Pour le Fonds des Nations unies pour l’Enfance, le Sénégal comptait en 2004 pas moins de 100.000 petits mendiants des rues, pour la plupart dépendant de « daaras », et qui portent le nom de « talibes » – soit près d’un pour cent de la population totale.

Une étude en cours jettera vraisemblablement un nouvel éclairage sur les raisons qui poussent des milliers de petits Sénégalais en haillons, parfois âgés de seulement trois ans, à tendre la sébile en slalomant dangereusement entre les voitures dans les embouteillages monstres de la capitale.

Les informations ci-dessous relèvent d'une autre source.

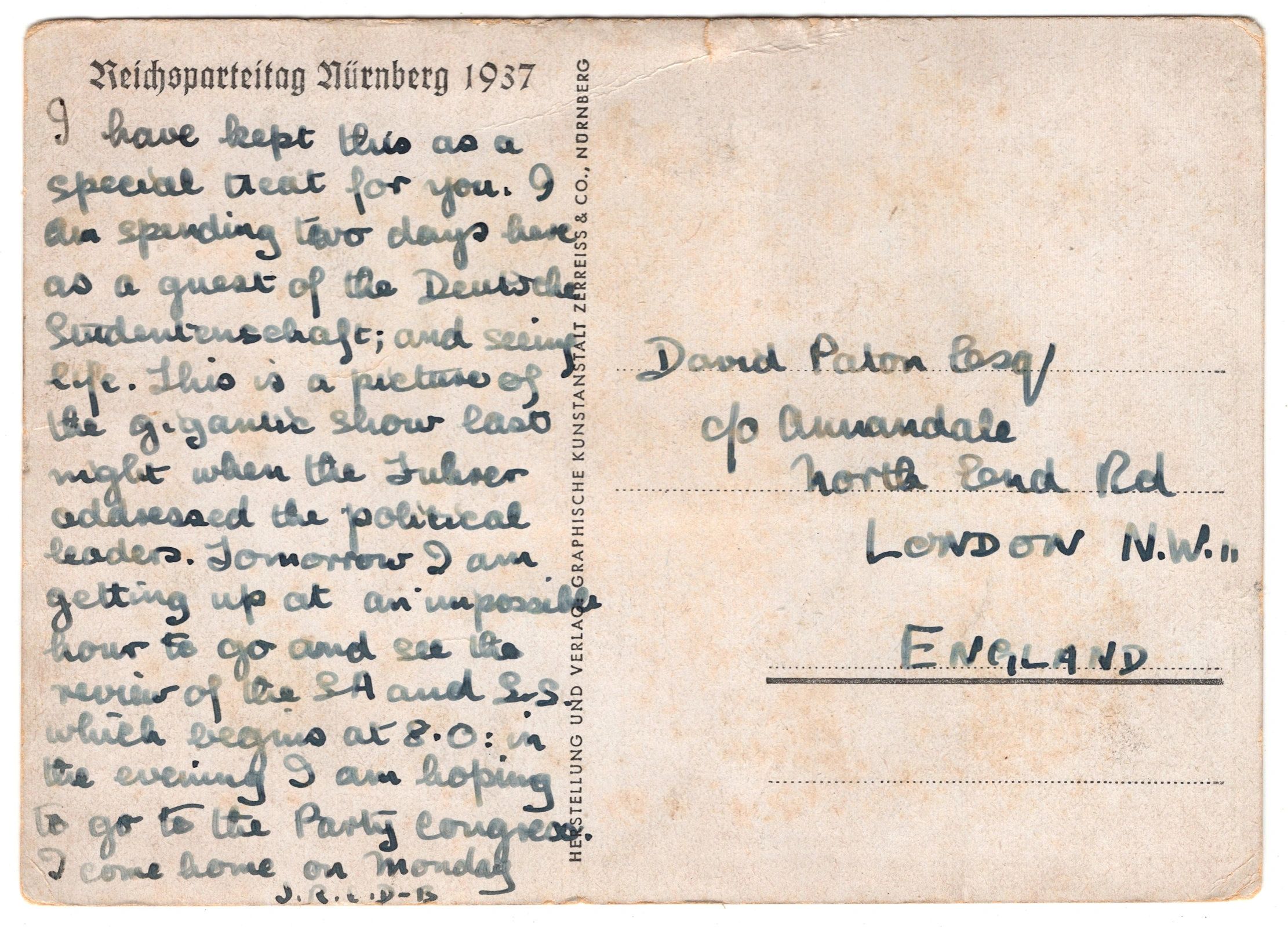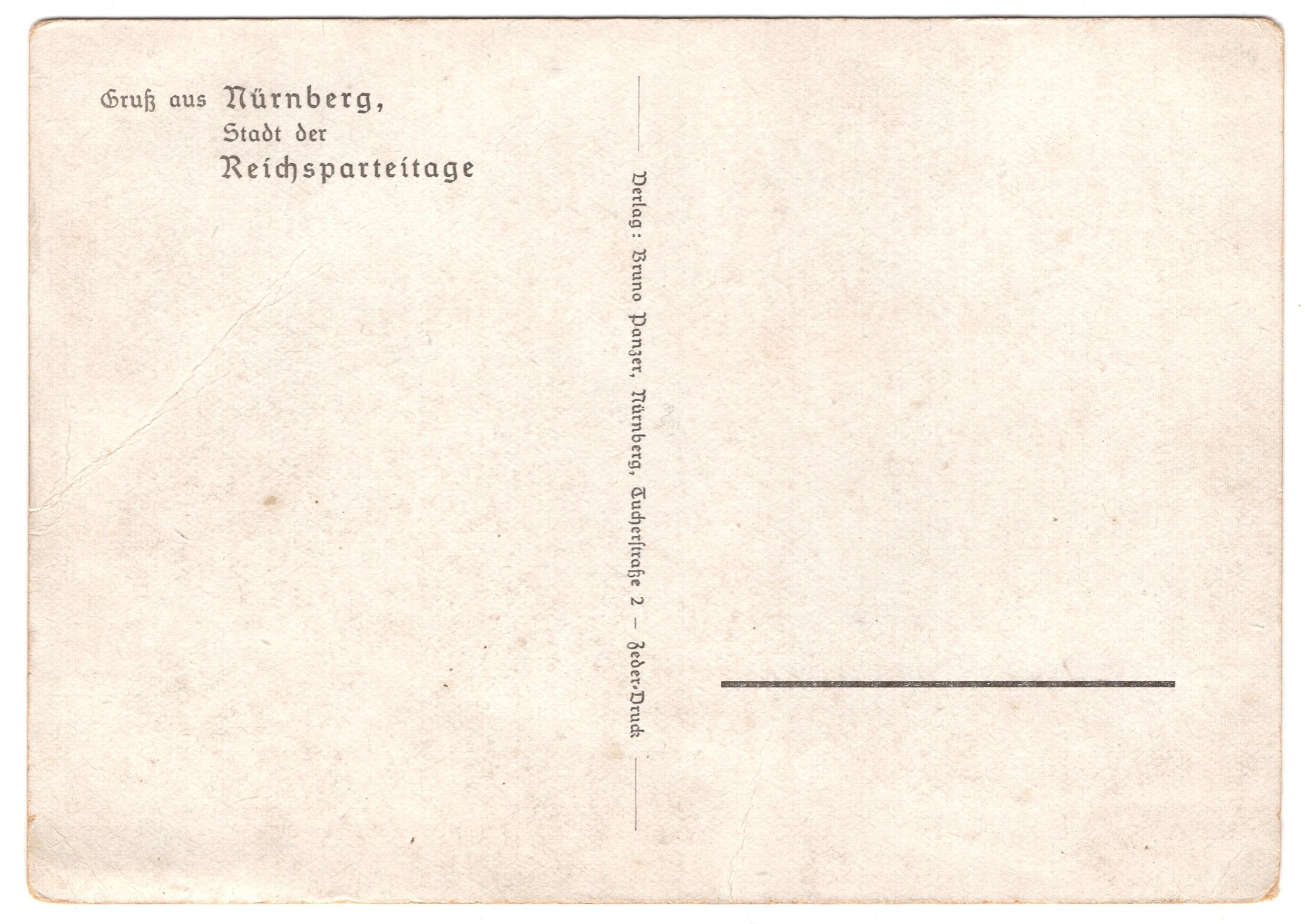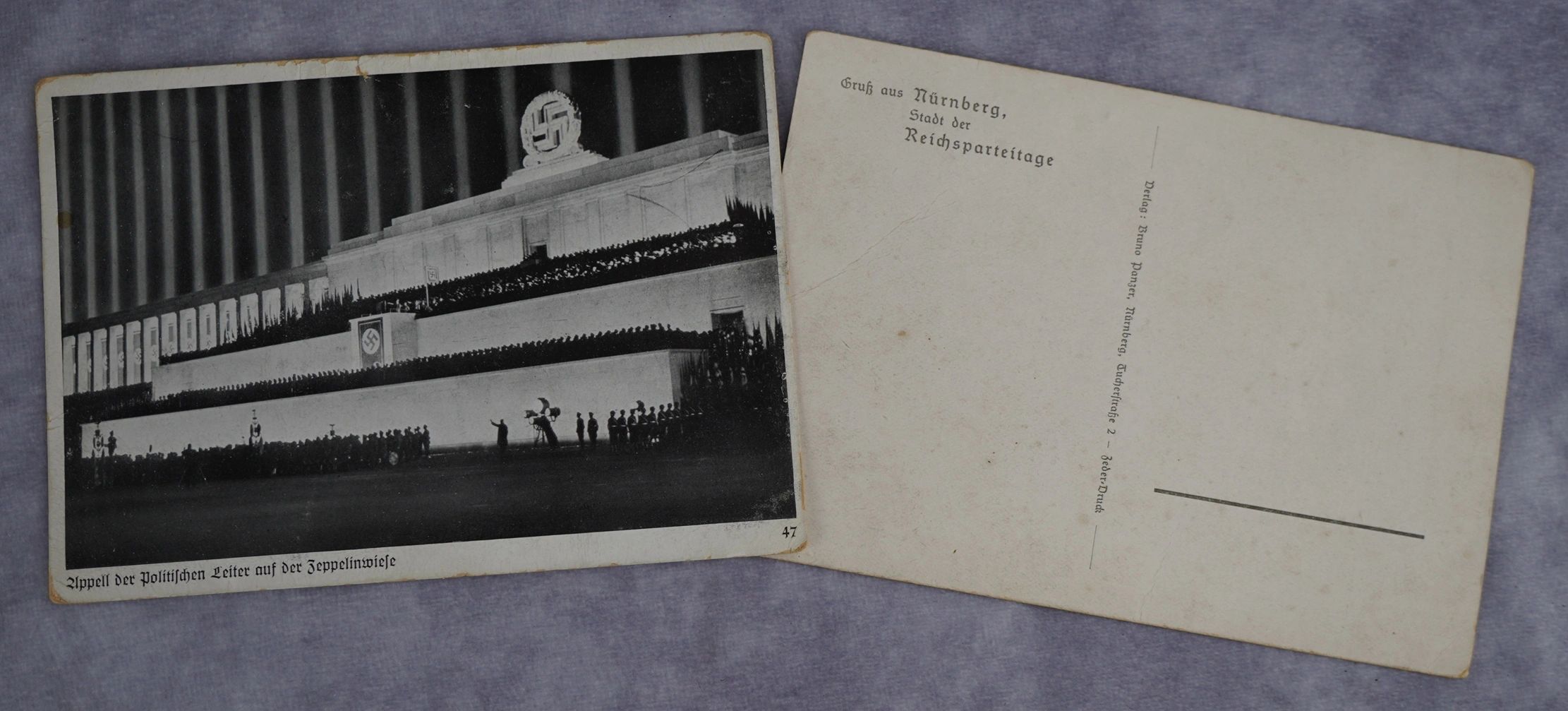 Here is your chance to own an impressive pair of postcards. The postcard was mailed to London by an Englishman visiting Germany during the Reichsparteitag celebrations. He accounts Hitler speaking in the message on the reverse. He also accounts how tomorrow is the review of SA and SS men, which the additional second postcard illustrates. A great pair and extremely interesting English language account of a Reichsparteitag rally. In fair condition overall and would display great with other items! Free shipping ANYWHERE IN THE WORLD & I don’t charge PayPal fees like some of the other guys!

Beaucoup sont incapables de prononcer en français autre chose que deux mots: « cent francs », soit 100 FCFA ou l’équivalent 20 cents américains, le montant de l’aumône demandée.

Les « daaras » sont une institution multiséculaire au Sénégal, où envoyer ses enfants à l’école coranique est une tradition bien enracinée chez les familles.

Selon l’islam modéré très largement pratiqué au Sénégal, la mendicité était jadis considérée comme un exercice d’humilité.

Aujourd’hui, cette pratique est parfois dévoyée, devenant pour certains une sorte de couverture pour exploiter financièrement la jeunesse déshéritée.

Ces dernières années, le problème s’est aggravé du fait de la mobilité croissante, de la rébellion séparatiste en Casamance et de l’insécurité dans les Etats voisins du Sénégal.

Le président Abdoulaye Wade, réélu en février à la faveur d’une élection jugée truquée par ses adversaires politiques, a apporté son soutien à cette campagne de sensibilisation visant à chasser les petits mendiants des rues. Il a dépêché un représentant pour soutenir les organisateurs.

Wade, un musulman formé dans les meilleures universités françaises, s’est lancé dans un vaste programme de travaux publics (routes, hôtels, nouvel aéroport) pour, notamment, donner « un coup de jeune » aux infrastructures du Sénégal avant le sommet de l’Organisation de la conférence islamique prévu en 2008 à Dakar.